* PROBLEM REQUIREMENTS:
Transcribe, word for word, only the lines from the one containing "32GB DDR4-2666MHz ECC" through the end of the material below. Pictures stay out.

* EXERCISE DATA:
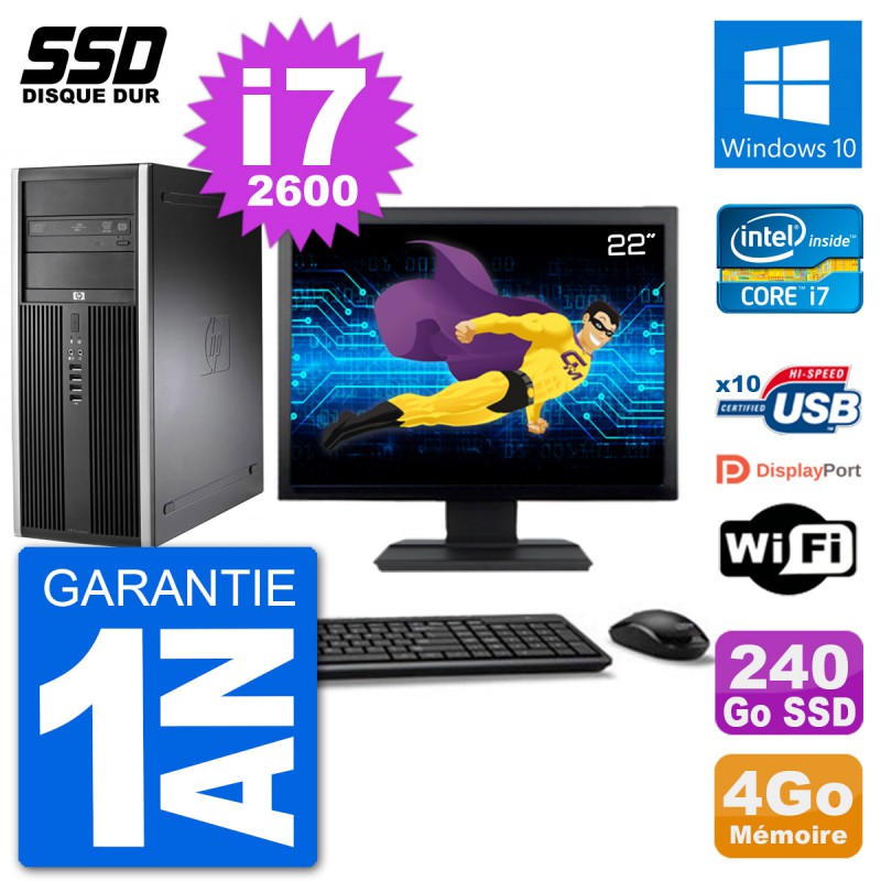 PC Tour HP 8200 Elite - Intel Core i7-2600 3.4 Ghz (8 Mo) - 4 Go DDR3 - Disque Dur SSD 240 Go - Graveur DVD - Clef Wifi USB - Windows 10 - Livré avec Ecran 22" + clavier + souris (Marques et modèles variables) - Garantie 1 an.
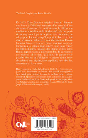 En 2003, Dave Goulson acquiert dans le Limousin une ferme à l'abandon entourée d'un terrain d'une douzaine d'hectares. Là, au fil des ans, le célèbre naturaliste et spécialiste de la biodiversité crée une prairie sauvageonne à partir de plantes vernaculaires, un refuge pour les insectes qu'il se plaît à observer et qui sont, ici comme ailleurs, en voie d'extinction. Déambulation dans ce coeur de France, son livre en ouvre l'horizon à la planète tout entière pour nous conter les extraordinaires histoires des plantes et des bêtes. Il nous rappelle aussi à notre part dans la sauvegarde des espèces : il ne tient qu'à nous de garder cette planète vivante et d'éloigner le spectre d'une terre silencieuse, sans cigales, sans papillons, sans abeilles, sans oiseaux. Sans nous.
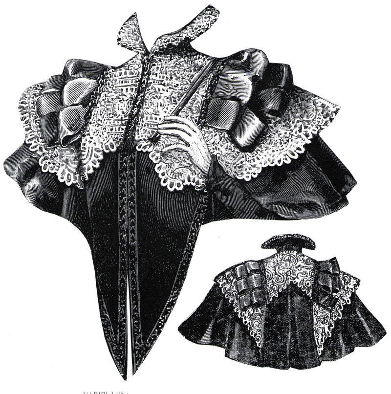 pointed fronts are edged with jet galloon, and the shoulders are trimmed
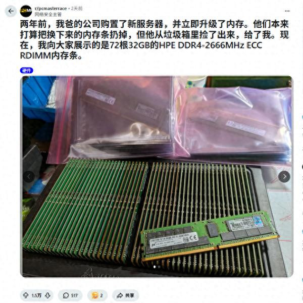 Reddit PC硬件社区r/pcmasterrace的网友cyberchief发帖称:“2 年前(2024年),我爸的公司买了新就业器,得手坐窝就升级了内存。换下来的原厂内存条底本要被丢进垃圾桶,我爸把它们从垃圾堆里救了追思,交给了我。给各人望望,72条HPE 32GB DDR4-2666MHz ECC RDIMM内存。”
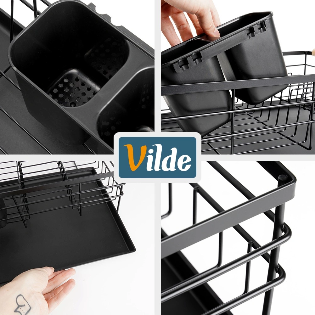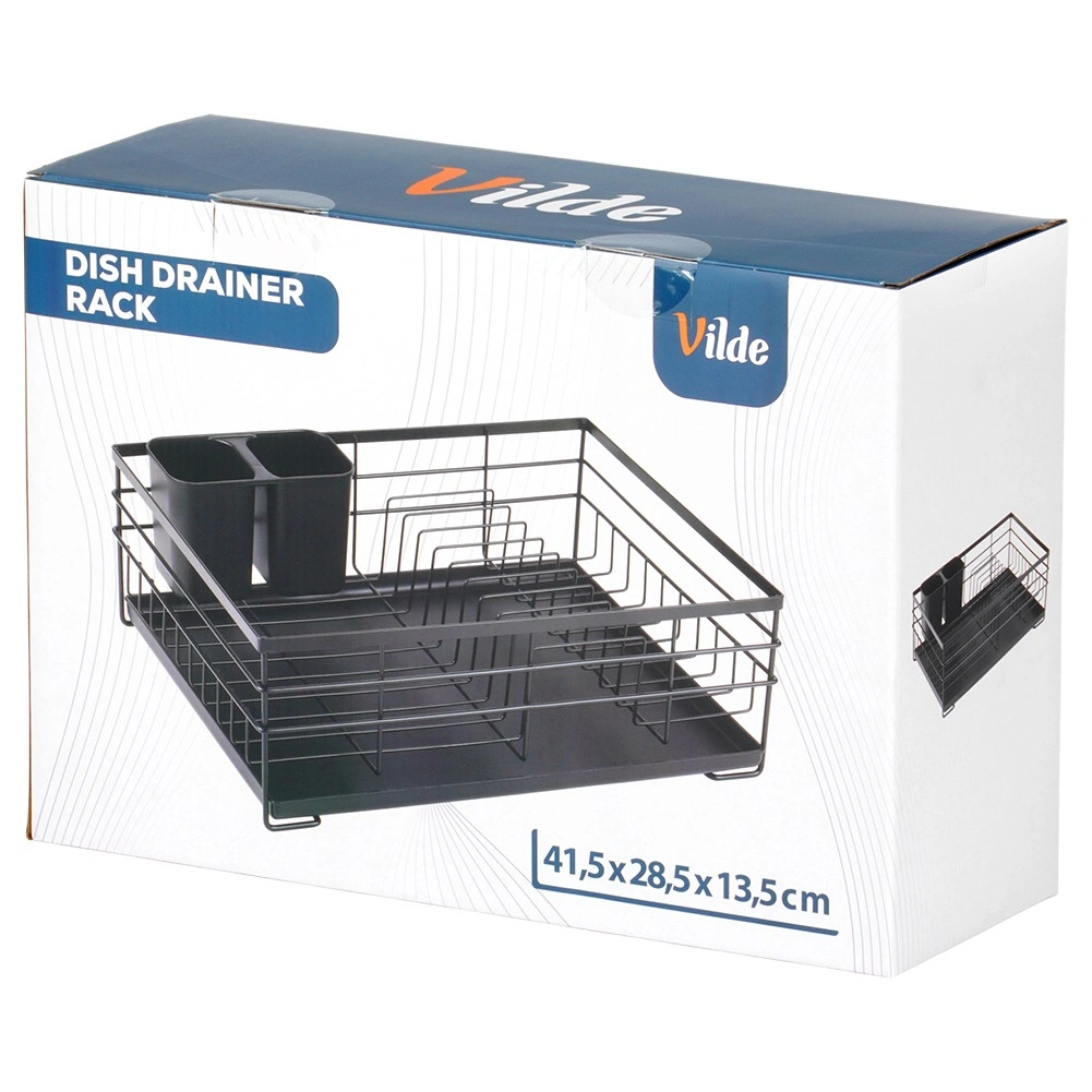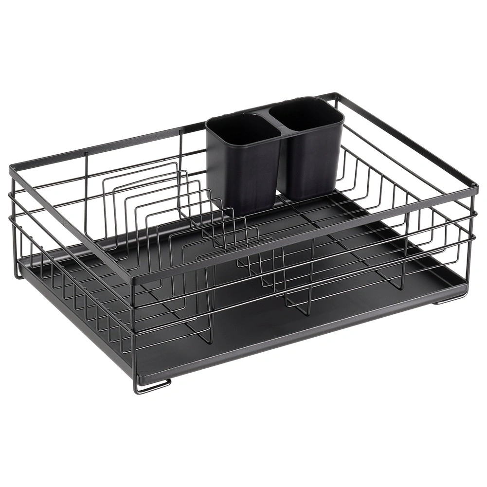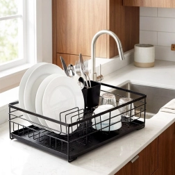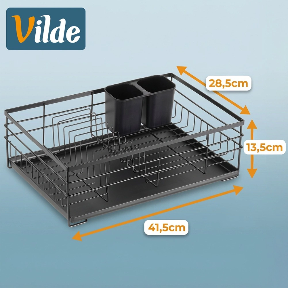 Praktický a štýlový odkvapkávač na riad v čiernej farbe pre prehľadné sušenie tanierov, pohárov a príborov. Ponúka veľkú kapacitu, odolnú kovovú konštrukciu a vyberateľnú odkvapkávaciu tácku, ktorá chráni kuchynskú linku pred vodou.
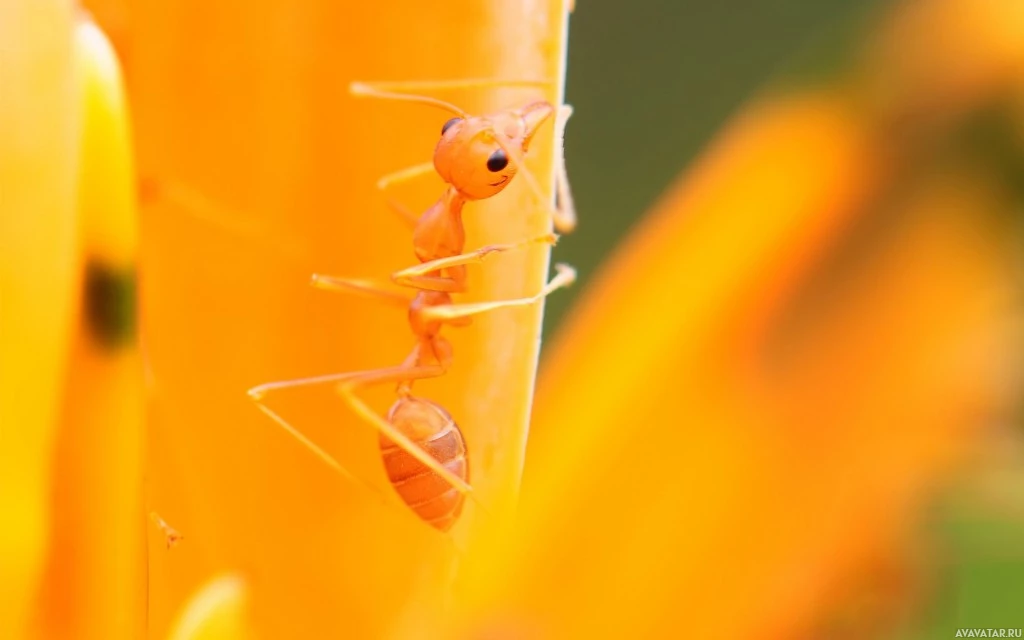 На картинке изображен муравей на растении с желтыми цветами. Муравей является одним из многих видов, которые известны своей трудолюбием и социальным поведением. Муравьи часто встречаются в садах или естественных местах обитания, где они могут кормиться пищей, которая обычно включает в себя мелких насекомых или семена.
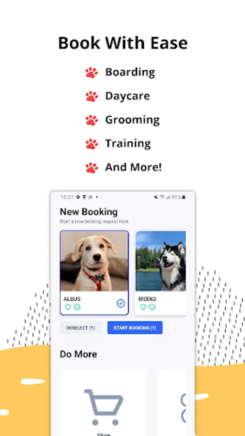 Book your pet's services with your favorite, local pet-care facilities with ease. With the Gingr for Pet Parents app, you can book reservations and appointments like boarding, daycare, grooming, and even training classes for your pet.

* SOLUTION TO THE EXERCISE:
 Reddit PC硬件社区r/pcmasterrace的网友cyberchief发帖称:“2 年前(2024年),我爸的公司买了新就业器,得手坐窝就升级了内存。换下来的原厂内存条底本要被丢进垃圾桶,我爸把它们从垃圾堆里救了追思,交给了我。给各人望望,72条HPE 32GB DDR4-2666MHz ECC RDIMM内存。”
 Praktický a štýlový odkvapkávač na riad v čiernej farbe pre prehľadné sušenie tanierov, pohárov a príborov. Ponúka veľkú kapacitu, odolnú kovovú konštrukciu a vyberateľnú odkvapkávaciu tácku, ktorá chráni kuchynskú linku pred vodou.
 На картинке изображен муравей на растении с желтыми цветами. Муравей является одним из многих видов, которые известны своей трудолюбием и социальным поведением. Муравьи часто встречаются в садах или естественных местах обитания, где они могут кормиться пищей, которая обычно включает в себя мелких насекомых или семена.
 Book your pet's services with your favorite, local pet-care facilities with ease. With the Gingr for Pet Parents app, you can book reservations and appointments like boarding, daycare, grooming, and even training classes for your pet.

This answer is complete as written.